- DATA SHOWN -
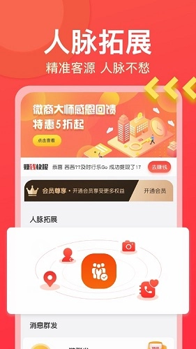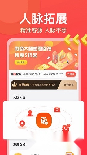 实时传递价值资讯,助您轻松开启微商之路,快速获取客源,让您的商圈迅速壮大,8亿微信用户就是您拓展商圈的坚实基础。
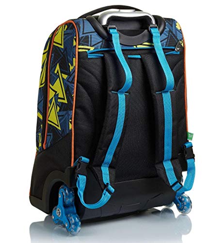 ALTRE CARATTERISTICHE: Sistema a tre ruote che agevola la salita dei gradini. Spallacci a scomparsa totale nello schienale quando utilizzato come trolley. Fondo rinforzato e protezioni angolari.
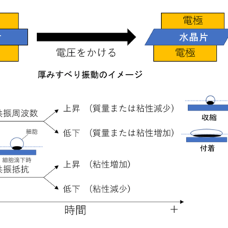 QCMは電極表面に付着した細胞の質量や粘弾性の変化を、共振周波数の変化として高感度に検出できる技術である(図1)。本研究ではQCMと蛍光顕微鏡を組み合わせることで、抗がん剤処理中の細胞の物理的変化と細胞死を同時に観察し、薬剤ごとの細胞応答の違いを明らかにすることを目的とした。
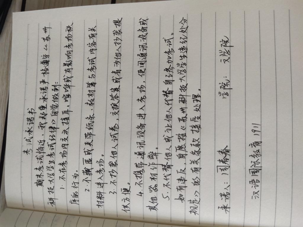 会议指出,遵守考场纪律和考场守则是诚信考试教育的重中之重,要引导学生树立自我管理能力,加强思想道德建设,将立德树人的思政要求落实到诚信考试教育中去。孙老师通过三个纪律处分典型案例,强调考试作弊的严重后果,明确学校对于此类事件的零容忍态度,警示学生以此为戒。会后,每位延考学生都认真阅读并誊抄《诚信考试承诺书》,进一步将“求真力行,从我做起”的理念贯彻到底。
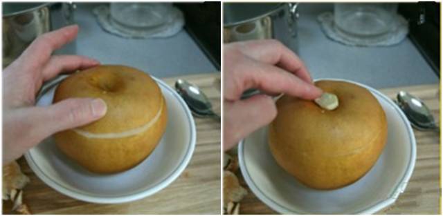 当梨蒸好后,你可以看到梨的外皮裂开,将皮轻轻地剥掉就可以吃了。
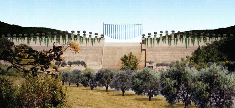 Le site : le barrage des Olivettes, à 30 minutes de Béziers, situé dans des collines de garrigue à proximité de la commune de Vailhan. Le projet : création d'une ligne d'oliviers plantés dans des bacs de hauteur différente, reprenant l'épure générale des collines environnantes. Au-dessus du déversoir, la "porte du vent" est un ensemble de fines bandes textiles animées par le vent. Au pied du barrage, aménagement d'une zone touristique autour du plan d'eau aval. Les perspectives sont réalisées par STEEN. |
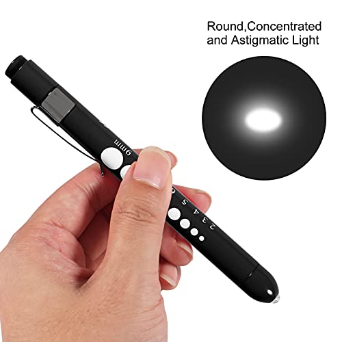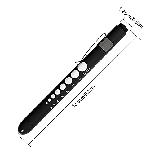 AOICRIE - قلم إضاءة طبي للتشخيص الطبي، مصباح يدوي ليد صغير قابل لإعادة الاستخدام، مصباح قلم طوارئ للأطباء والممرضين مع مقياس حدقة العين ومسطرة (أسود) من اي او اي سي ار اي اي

- YOUR GOAL -
Drop the images and repeat the data exactly.

- RESPONSE TO THE TASK -
 实时传递价值资讯,助您轻松开启微商之路,快速获取客源,让您的商圈迅速壮大,8亿微信用户就是您拓展商圈的坚实基础。
 ALTRE CARATTERISTICHE: Sistema a tre ruote che agevola la salita dei gradini. Spallacci a scomparsa totale nello schienale quando utilizzato come trolley. Fondo rinforzato e protezioni angolari.
 QCMは電極表面に付着した細胞の質量や粘弾性の変化を、共振周波数の変化として高感度に検出できる技術である(図1)。本研究ではQCMと蛍光顕微鏡を組み合わせることで、抗がん剤処理中の細胞の物理的変化と細胞死を同時に観察し、薬剤ごとの細胞応答の違いを明らかにすることを目的とした。
 会议指出,遵守考场纪律和考场守则是诚信考试教育的重中之重,要引导学生树立自我管理能力,加强思想道德建设,将立德树人的思政要求落实到诚信考试教育中去。孙老师通过三个纪律处分典型案例,强调考试作弊的严重后果,明确学校对于此类事件的零容忍态度,警示学生以此为戒。会后,每位延考学生都认真阅读并誊抄《诚信考试承诺书》,进一步将“求真力行,从我做起”的理念贯彻到底。
 当梨蒸好后,你可以看到梨的外皮裂开,将皮轻轻地剥掉就可以吃了。
 Le site : le barrage des Olivettes, à 30 minutes de Béziers, situé dans des collines de garrigue à proximité de la commune de Vailhan. Le projet : création d'une ligne d'oliviers plantés dans des bacs de hauteur différente, reprenant l'épure générale des collines environnantes. Au-dessus du déversoir, la "porte du vent" est un ensemble de fines bandes textiles animées par le vent. Au pied du barrage, aménagement d'une zone touristique autour du plan d'eau aval. Les perspectives sont réalisées par STEEN. |
 AOICRIE - قلم إضاءة طبي للتشخيص الطبي، مصباح يدوي ليد صغير قابل لإعادة الاستخدام، مصباح قلم طوارئ للأطباء والممرضين مع مقياس حدقة العين ومسطرة (أسود) من اي او اي سي ار اي اي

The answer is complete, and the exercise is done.